-- Task material follows --

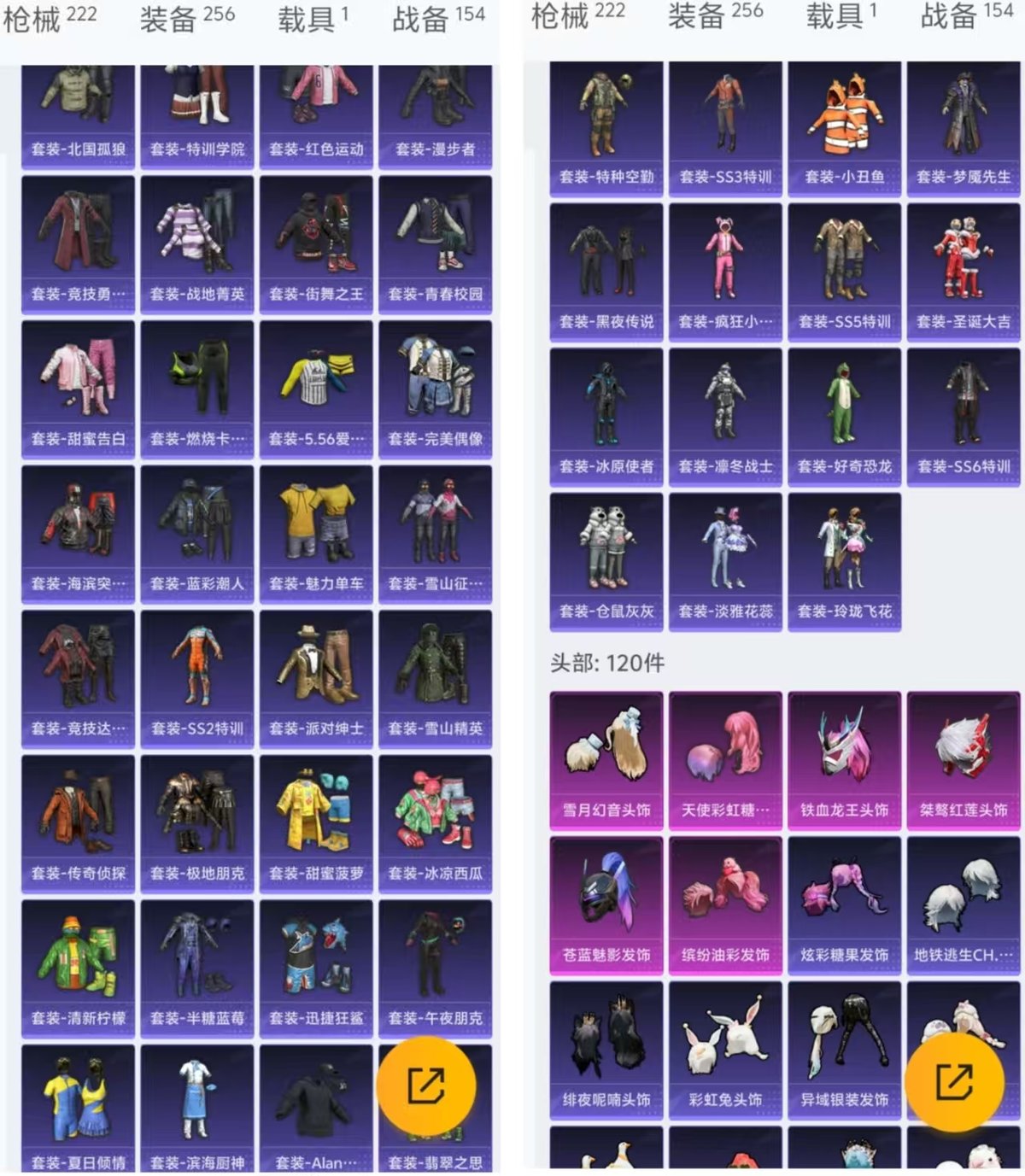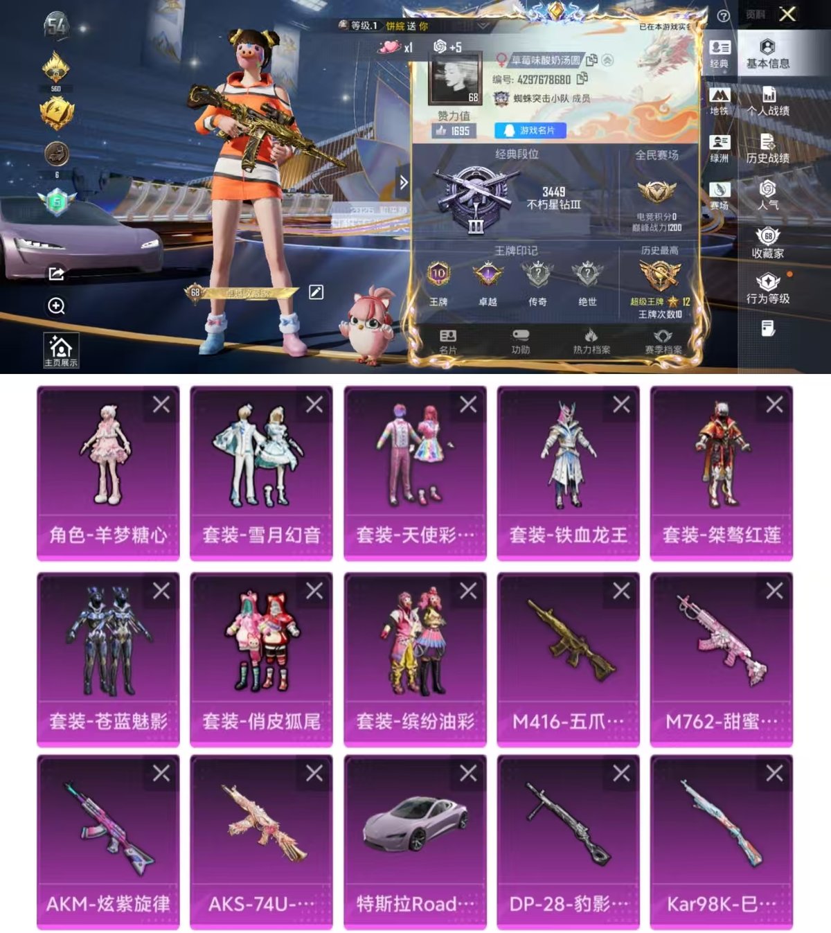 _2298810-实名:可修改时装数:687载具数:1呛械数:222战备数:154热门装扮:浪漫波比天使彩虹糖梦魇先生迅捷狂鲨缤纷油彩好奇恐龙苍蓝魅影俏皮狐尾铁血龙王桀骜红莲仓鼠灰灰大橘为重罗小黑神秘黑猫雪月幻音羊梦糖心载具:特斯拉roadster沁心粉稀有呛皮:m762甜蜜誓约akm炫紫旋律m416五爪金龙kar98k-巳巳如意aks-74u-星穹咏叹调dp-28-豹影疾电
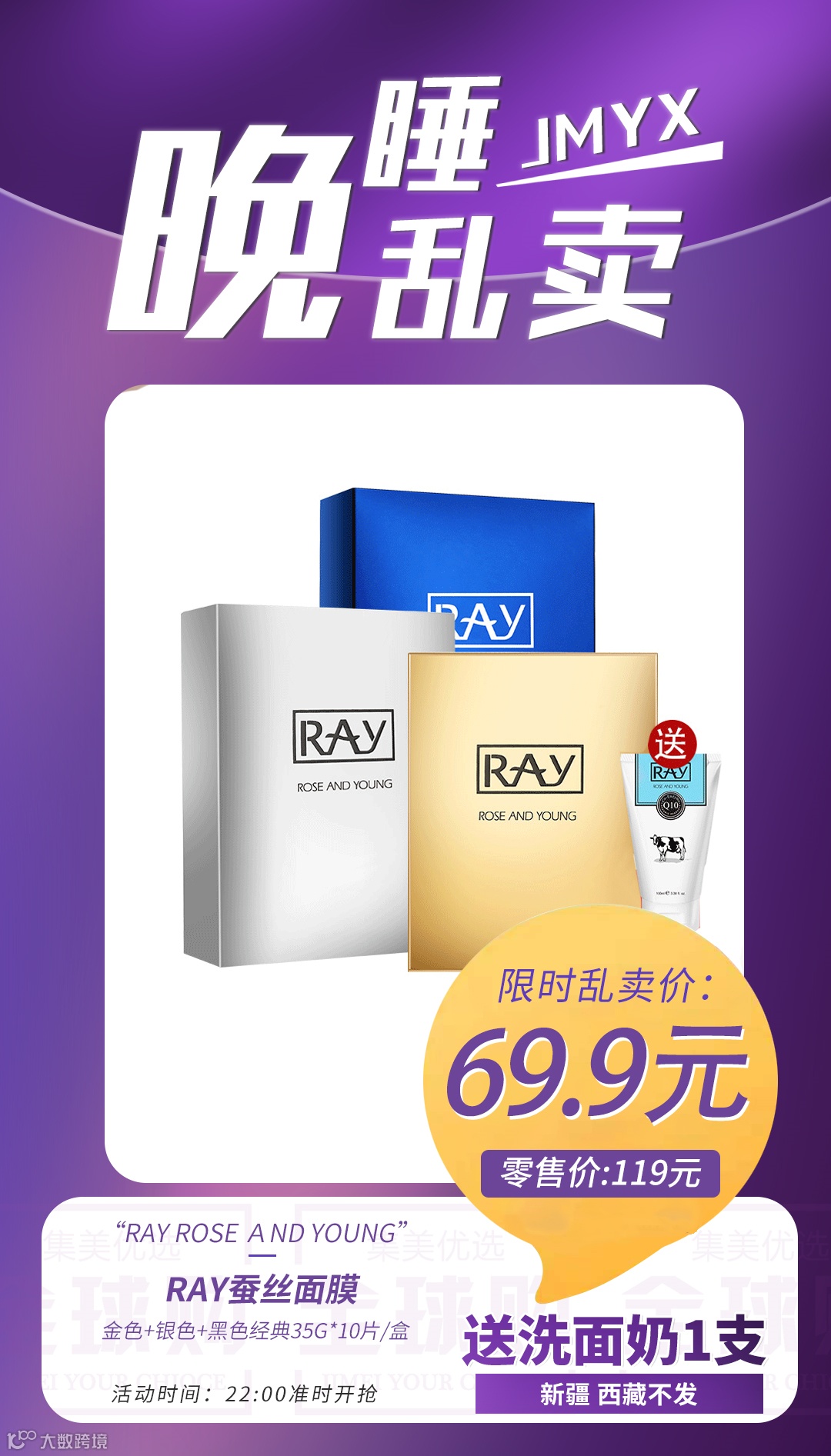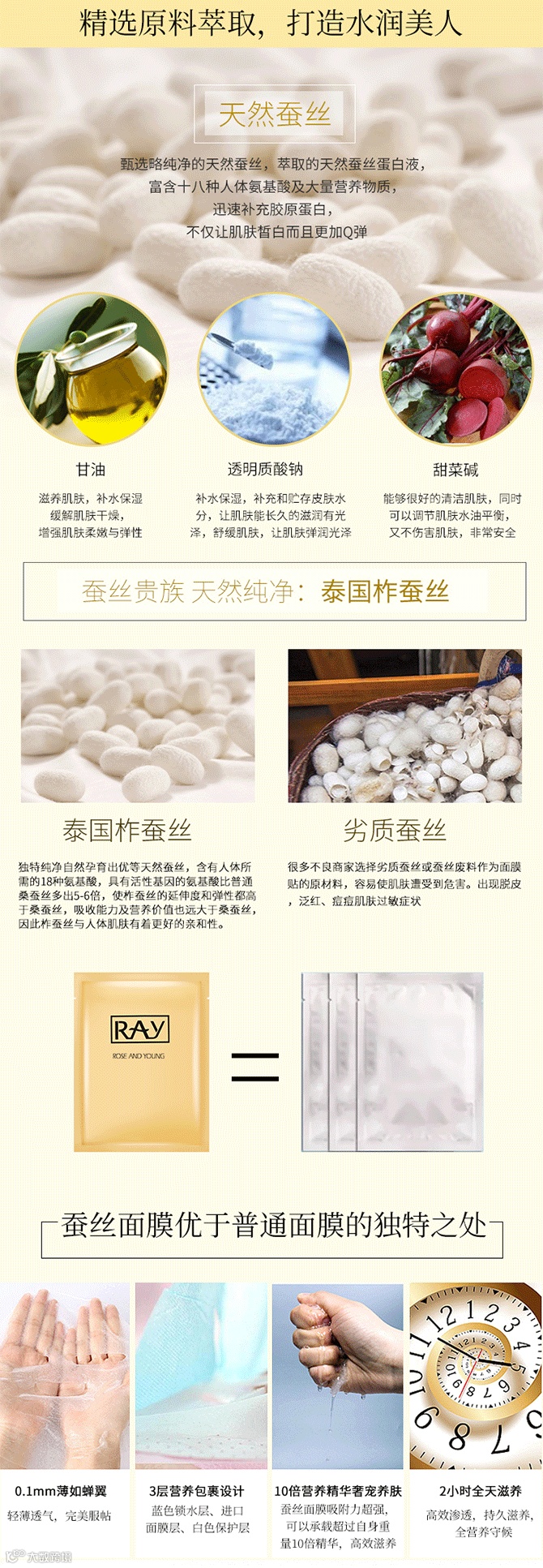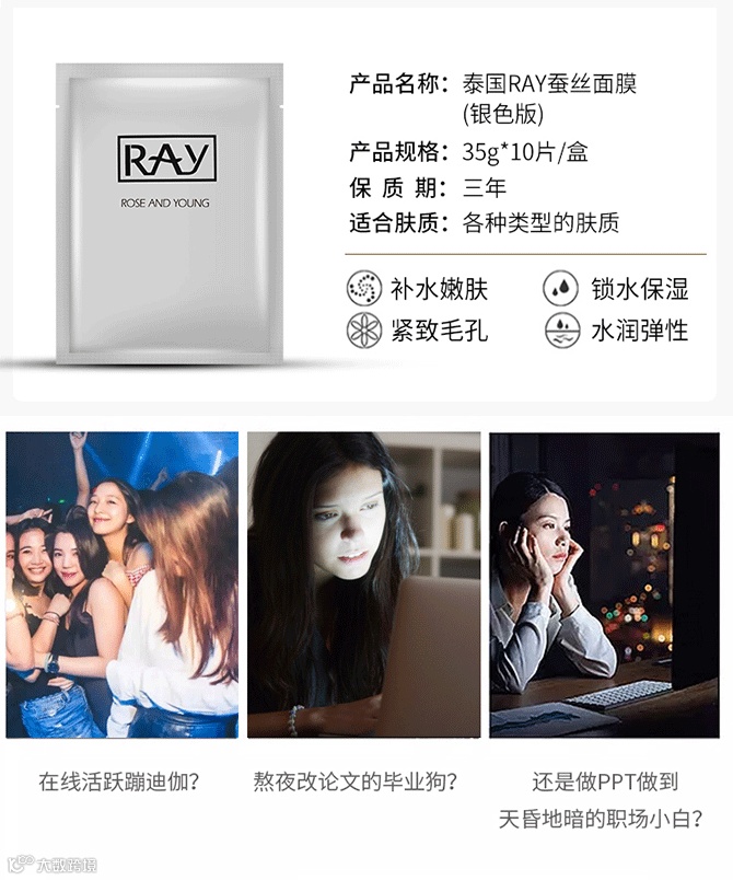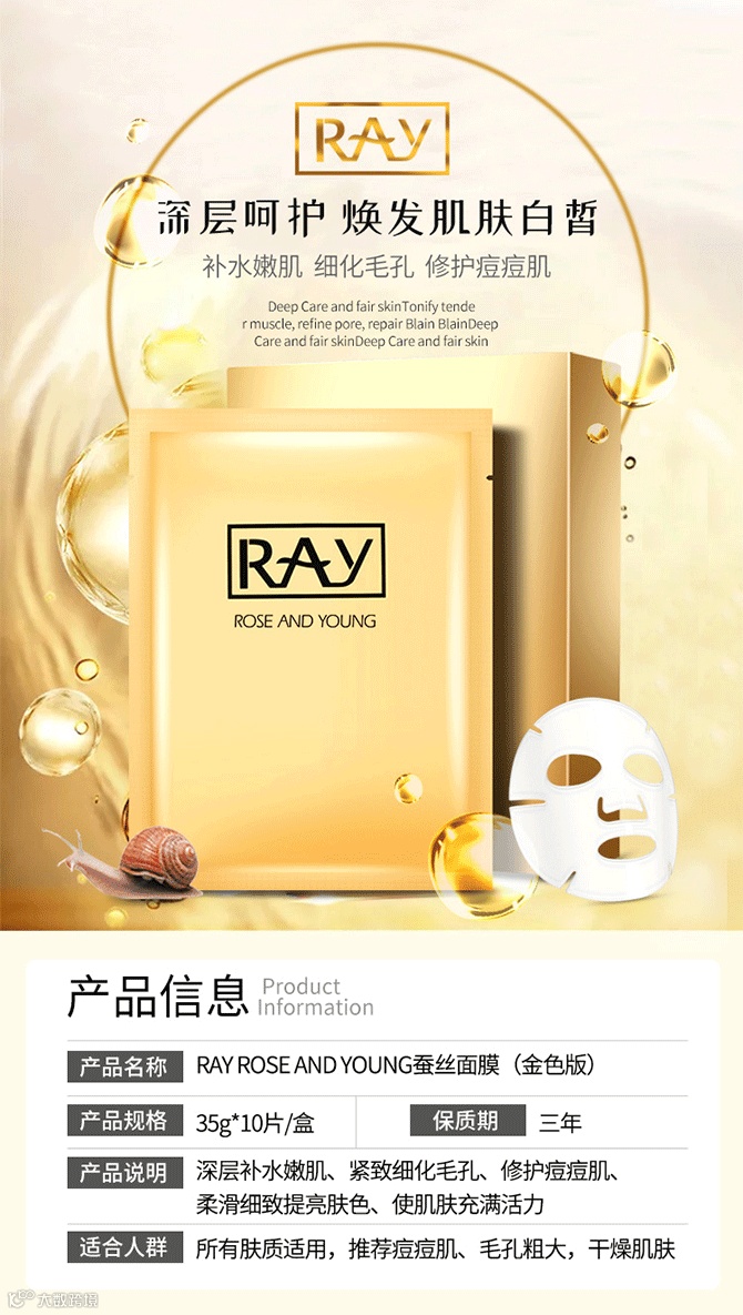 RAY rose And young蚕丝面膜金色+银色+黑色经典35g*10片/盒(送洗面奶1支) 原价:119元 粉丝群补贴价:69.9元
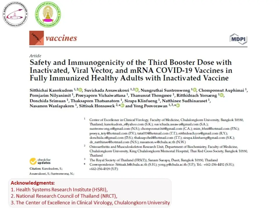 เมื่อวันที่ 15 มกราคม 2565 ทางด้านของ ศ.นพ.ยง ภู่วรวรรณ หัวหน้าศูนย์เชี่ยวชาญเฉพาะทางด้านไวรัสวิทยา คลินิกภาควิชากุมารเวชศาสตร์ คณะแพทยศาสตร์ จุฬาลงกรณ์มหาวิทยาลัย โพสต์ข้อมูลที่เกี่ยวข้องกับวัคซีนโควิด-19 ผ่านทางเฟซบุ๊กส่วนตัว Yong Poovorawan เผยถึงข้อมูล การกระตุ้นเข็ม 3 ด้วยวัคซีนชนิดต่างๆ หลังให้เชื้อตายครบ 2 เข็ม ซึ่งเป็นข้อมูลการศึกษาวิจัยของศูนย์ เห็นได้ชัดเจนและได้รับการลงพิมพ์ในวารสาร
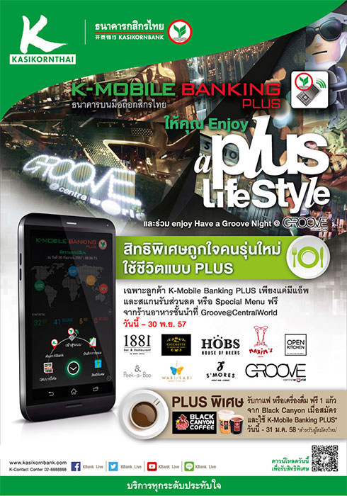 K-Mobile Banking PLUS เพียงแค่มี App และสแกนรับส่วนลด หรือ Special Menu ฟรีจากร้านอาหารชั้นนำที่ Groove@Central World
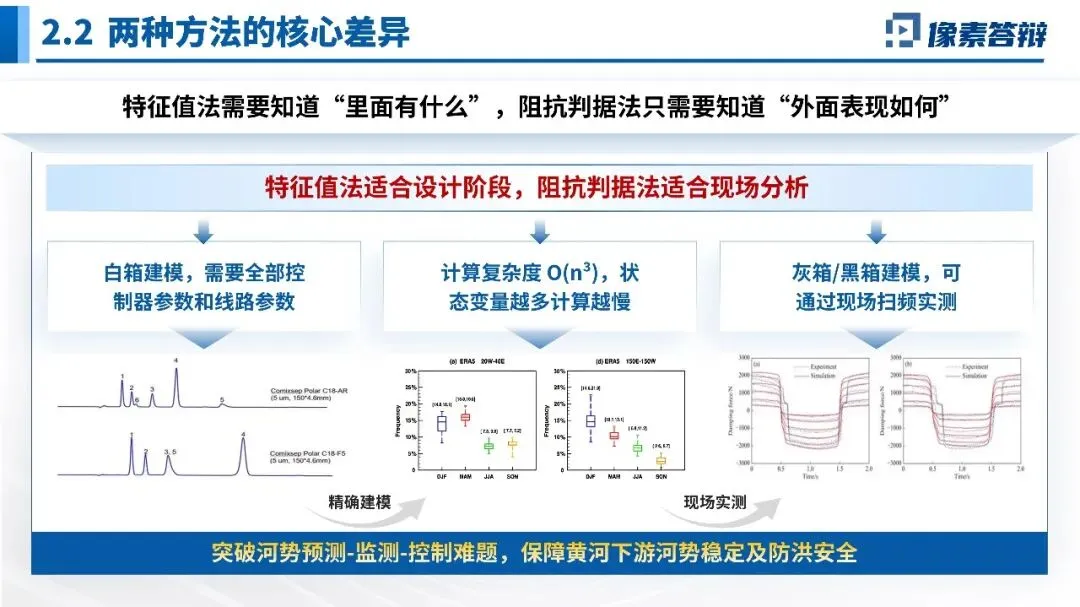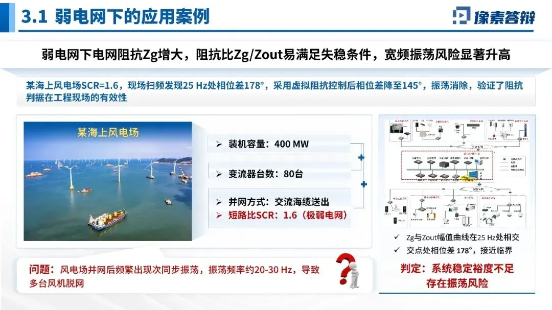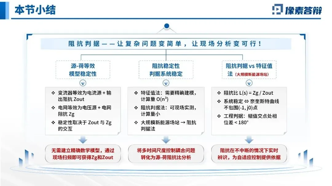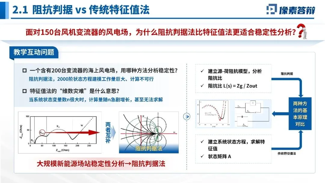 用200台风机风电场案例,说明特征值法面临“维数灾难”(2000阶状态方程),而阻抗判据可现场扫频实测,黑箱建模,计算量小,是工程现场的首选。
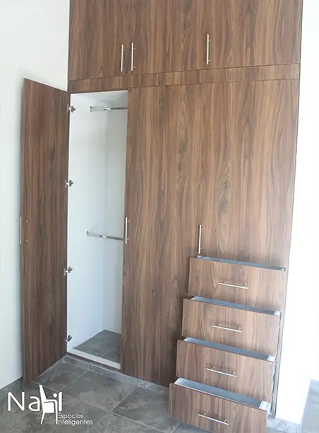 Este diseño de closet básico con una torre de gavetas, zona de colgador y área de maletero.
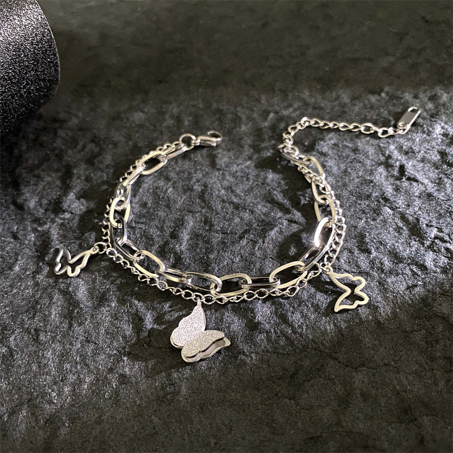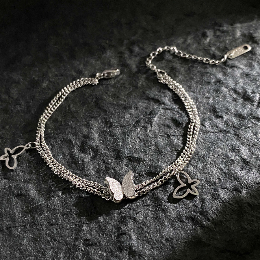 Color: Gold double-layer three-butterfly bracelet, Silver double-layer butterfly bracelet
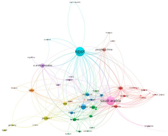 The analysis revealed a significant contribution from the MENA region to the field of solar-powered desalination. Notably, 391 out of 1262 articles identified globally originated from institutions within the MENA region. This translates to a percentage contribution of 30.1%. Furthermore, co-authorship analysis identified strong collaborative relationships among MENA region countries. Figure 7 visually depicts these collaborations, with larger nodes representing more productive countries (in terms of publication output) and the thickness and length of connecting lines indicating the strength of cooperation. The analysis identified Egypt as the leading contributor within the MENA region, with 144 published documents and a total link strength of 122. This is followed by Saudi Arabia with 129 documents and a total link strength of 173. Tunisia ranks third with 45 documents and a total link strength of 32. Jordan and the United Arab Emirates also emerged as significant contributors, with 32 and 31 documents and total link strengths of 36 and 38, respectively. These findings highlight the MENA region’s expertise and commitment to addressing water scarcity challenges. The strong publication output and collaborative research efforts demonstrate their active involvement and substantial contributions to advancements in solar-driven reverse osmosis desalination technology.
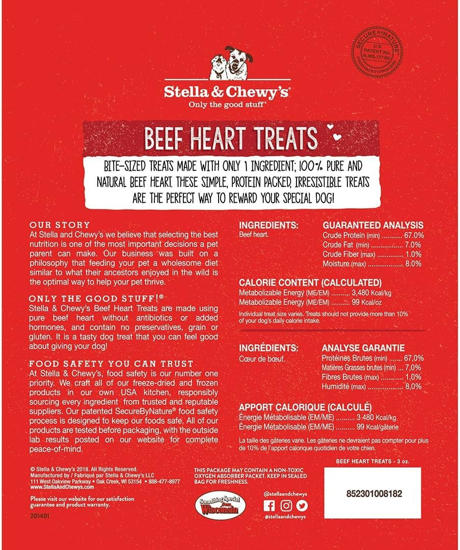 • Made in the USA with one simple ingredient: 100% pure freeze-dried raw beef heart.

-- Task material concluded --

▶ [What the exercise asks]
Begin at the line in the entries above that has "Este diseño de", stop after the line that has "Color: Gold double-layer", and output exactly those lines without pictures.

▶ [Reply to the exercise]
 Este diseño de closet básico con una torre de gavetas, zona de colgador y área de maletero.
 Color: Gold double-layer three-butterfly bracelet, Silver double-layer butterfly bracelet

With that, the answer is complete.